Why do we map PCI IO space so late ?

Fri Oct 1 01:45:15 EST 2004

Hi Ben-

Good questions :)  First let me clear something up, and forgive me if
I'm telling you stuff you already know.  The ioremap()'s that we do at
boot are _exclusively_ done for PHBs.  This creates mappings that span
the ranges for their children buses.  Why do we do this when drivers can
themselves use ioremap()?  Because some drivers still use inb()/outb(),
etc, without remapping their own space.  

The short answer to your questions is that I/O DLPAR required these PHB
ioremap()'s to be moved to a later chronological point during boot, so
that imalloc records would be kept.

Here's the long answer.  To dynamically remove a bus (EADS or PHB), we
need to iounmap() the range associated with it.  The iounmap() function
is prototyped in generic code to take one argument, the virtual address
in question.  In order to know the size of the region to unmap, we need
to keep some records of what was ioremap()'ed originally.  The imalloc
subsystem exists to keep these records.

The ppc64 ioremap() implementation has the limitation that if one calls
it before mem_init_done, no imalloc records are left behind.  If we
remap the PHBs early in boot, we have no way to unmap them (or their
children) at DLPAR remove time.  Does this make sense?  

As a side note, we didn't similarly defer the remap for ISA, b/c we
assumed that we'd never want to unmap this range.  I wrote the function
that remaps for ISA, and it's a hack, you're right :)  Suggestions are
welcome.  I would ask why your ISA node doesn't have a ranges property,
b/c I thought it was mandatory from some spec.  

You asked about ioremap_explicit().

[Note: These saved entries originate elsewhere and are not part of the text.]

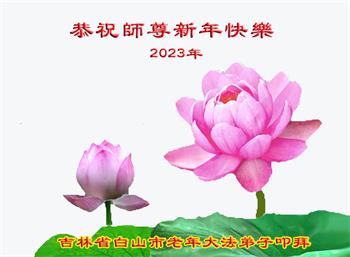 恭祝师尊新年快乐! 吉林省白山市老年大法弟子2023年元旦叩拜 吉林省白山市全体大法弟子恭祝师尊新年快乐!
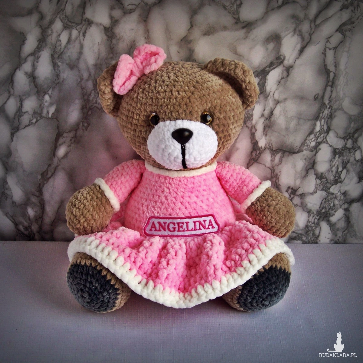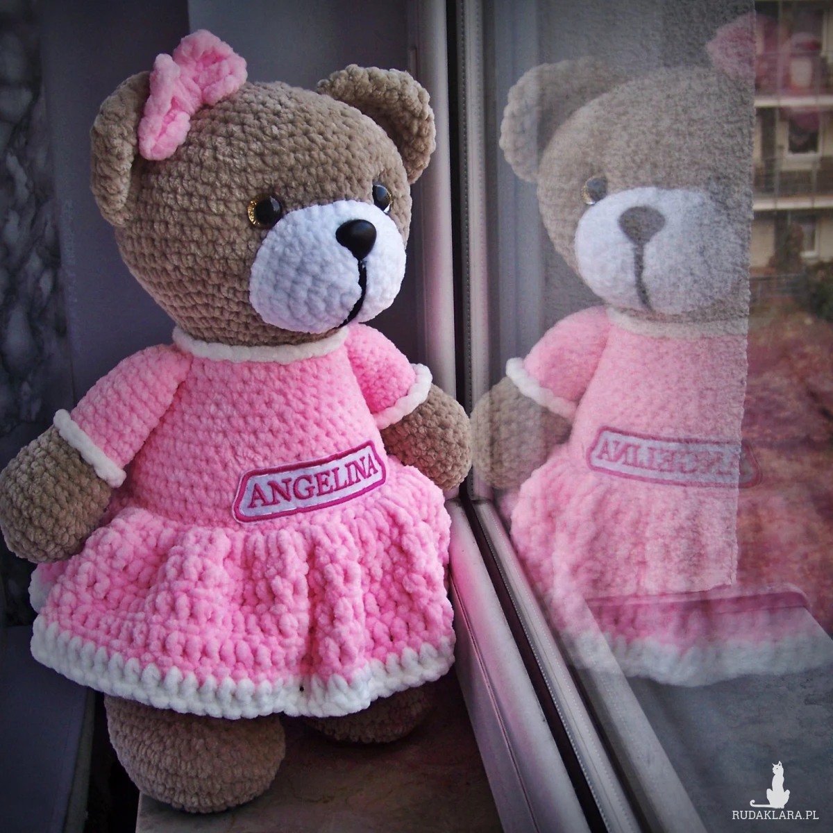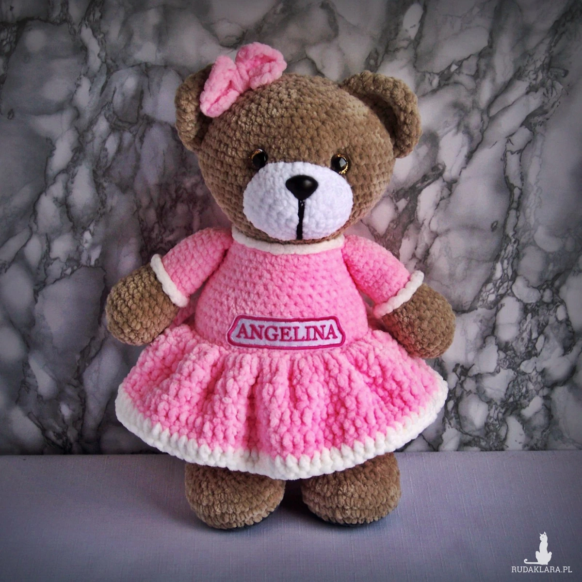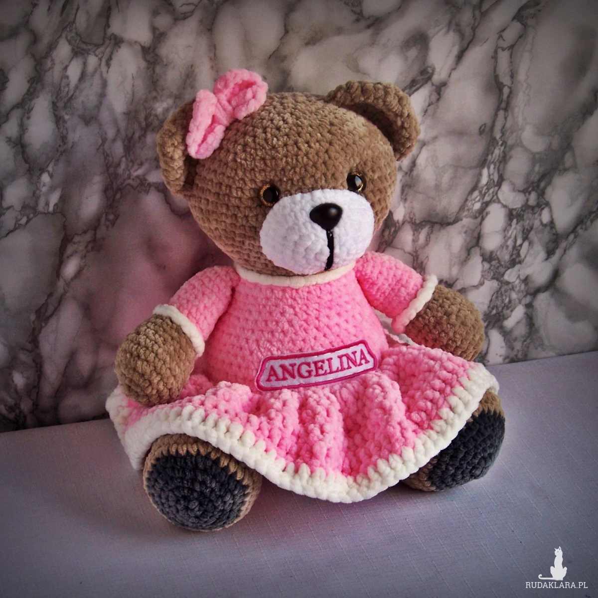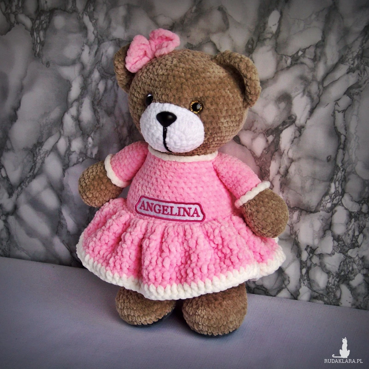 Szydełkowy miś Angelina 32cm w różowej sukience (na zamówienie)
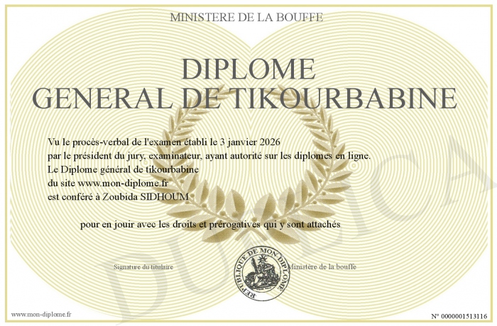Envoyez par email votre Diplôme général de tikourbabine personalisé
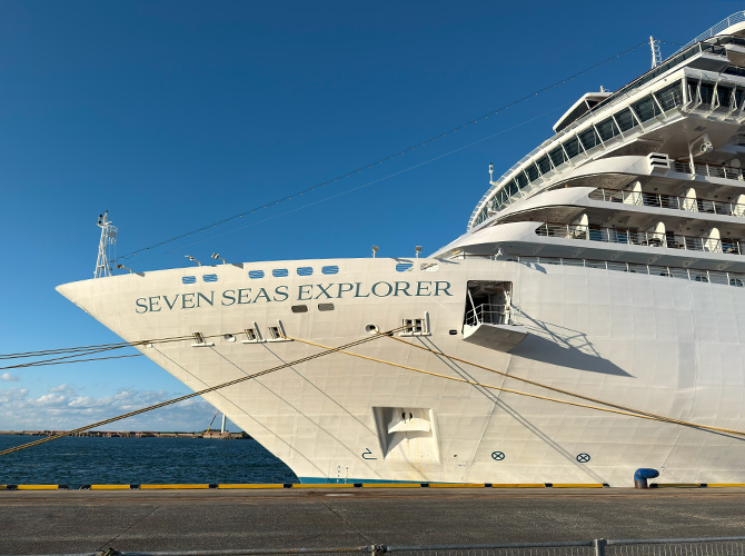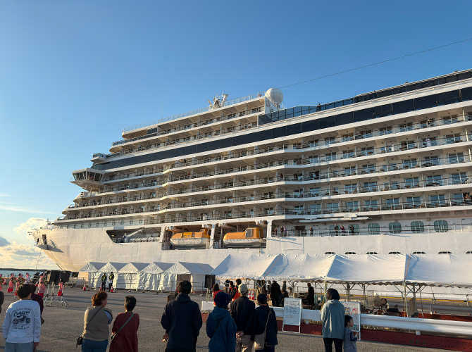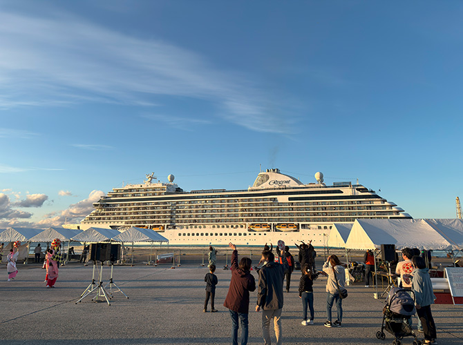 昨日(10/23)の夕方、酒田に初寄港のクルーズ船、セブンシーズ・エクスプローラー(SEVEN SEAS EXPLORER)が16時に出港予定だったので、手を振りに行ってきましたw
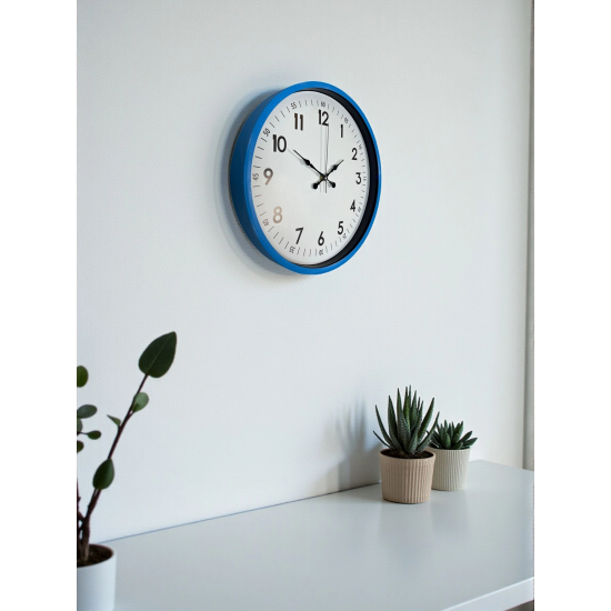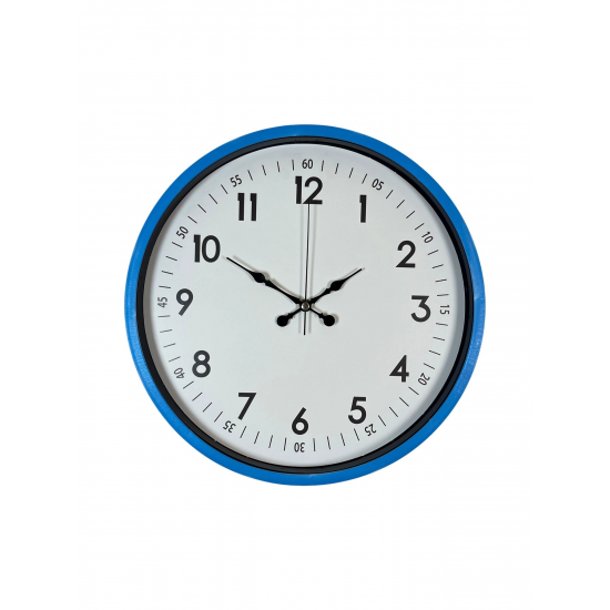 ÜRÜN AÇIKLAMASI Modern tasarımın enerjik renklerle buluştuğu bu 36 cm mavi duvar saati, ev ve ofis dekorasyonuna canlılık katmak isteyenler için ideal bir tercihtir.; Mavi çerçevesiyle ortama taze ve dinamik bir hava katan bu saat; sade beyaz kadranı, büyük siyah rakamları ve detaylı dakika göstergeleri (05, 10, 15..; ) ile yüksek okunabilirlik sunar.; Hem dekoratif hem fonksiyonel bir saat arayanlar için mükemmel bir üründür.; Saatin ön yüzeyinde kullanılan gerçek cam, uzun ömürlü kullanımın en önemli garantisidir.; Gerçek cam; plastik camlara göre çok daha dayanıklı olup çizilmeye karşı yüksek direnç sağlar, ışığı doğru kırarak kadranın her açıdan net görünmesini mümkün kılar.; Zamanla sararma veya matlaşma yapmadığı için ürün yıllarca premium görünümünü korur.; Temizliği ise son derece kolaydır.; Sessiz çalışan akar saniye (sweep) mekanizması, tıkırtı sesi olmadan akıcı bir hareket sağlar.; Bu özelliği sayesinde saat; yatak odası, ofis, çalışma odası, mutfak, kütüphane, çocuk odası ve sessizliğin önemli olduğu tüm yaşam alanları için uygundur.; Uzun süreli kullanımlarda bile rahatsızlık vermez.; Dayanıklı ve hafif plastik gövdesi kolayca monte edilebilir.; Canlı mavi çerçevesi; modern, genç, enerjik ve minimalist dekorasyon tarzlarıyla mükemmel bir uyum sağlar.; Ev dekorunda renkli bir tamamlayıcı arayanlar için oldukça ideal bir modeldir.;

This is used in two ways.  First
during boot, to remap the necessary regions for PHBs after
mem_init_done.  We've saved off the "physical" range info from the ofdt
early in boot, and now we explicitly remap starting at virtual addr
PHBS_IO_BASE.  Second, we use it to remap the range of a newly
DLPAR-added bus.  You can imagine that in the case of adding an EADS
slot, we need the mappings to exist at exact virtual addresses relative
to its parent PHB, etc.  Hence the creation of ioremap_explicit().

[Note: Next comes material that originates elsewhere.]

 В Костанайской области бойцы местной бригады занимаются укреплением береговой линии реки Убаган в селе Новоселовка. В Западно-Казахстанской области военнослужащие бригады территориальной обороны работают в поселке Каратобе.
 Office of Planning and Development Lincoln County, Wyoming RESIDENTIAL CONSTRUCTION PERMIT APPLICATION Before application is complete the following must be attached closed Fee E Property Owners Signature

Suggestions on improvements are welcome.  Hope this helps, it's before
lunch and I'm being wordy. :)

Thanks-
John

On Thu, 2004-09-30 at 03:22, Benjamin Herrenschmidt wrote:
> Hi John !
> 
> I was going through some of the PCI setup code while working on
> some bringup stuff, and had an issue which was related to the way
> we do the ioremap'ing of the PCI IO space.
> 
> So the current scenario is:
> 
>  - early (setup_arch() time basically), we ioremap_explicit the ISA
> space and that only
> 
>  - later (pcibios_fixup time), we scan all busses and ioremap_explicit
> their various IO spaces.
> 
> I have two problems with that at the moment.
> 
> First is, I'm annoyed that during the actual PCI probing, the IO space
> is not mapped. That means that any quirk that needs IO accesses to the
> device will not work. I wonder also in which conditions we might end up
> instanciating a PCI driver as early as the PCI probing and thus crash.
> Also, this is all after console_initcalls(), so that leaves a gap of
> code that runs with PCI IO space not mapped. So far, it ended up beeing
> mostly ok because our console uses legacy serial drivers that use the
> ISA space which happen to be mapped early, but that sounds fragile &
> bogus to me. (For the short story, I found that while working on a board
> for which the "isa" node didn't have a "ranges" property, so we failed
> to early map it, thus the serial driver would crash doing IO cycles).
> Why can't we do the ioremap_explicit right after setting up the PHBs ?
> 
> The second thing that annoys me is that it seems we are also doing an
> ioremap_explicit for each p2p bridge IO space, aren't we ? I don't fully
> understand the logic here. Aren't those supposed to be fully enclosed by
> their parent PHB IO space, and thus mapped by those ?
> 
> Thanks for enlightening me,
> Ben.
> 
> 
> 
>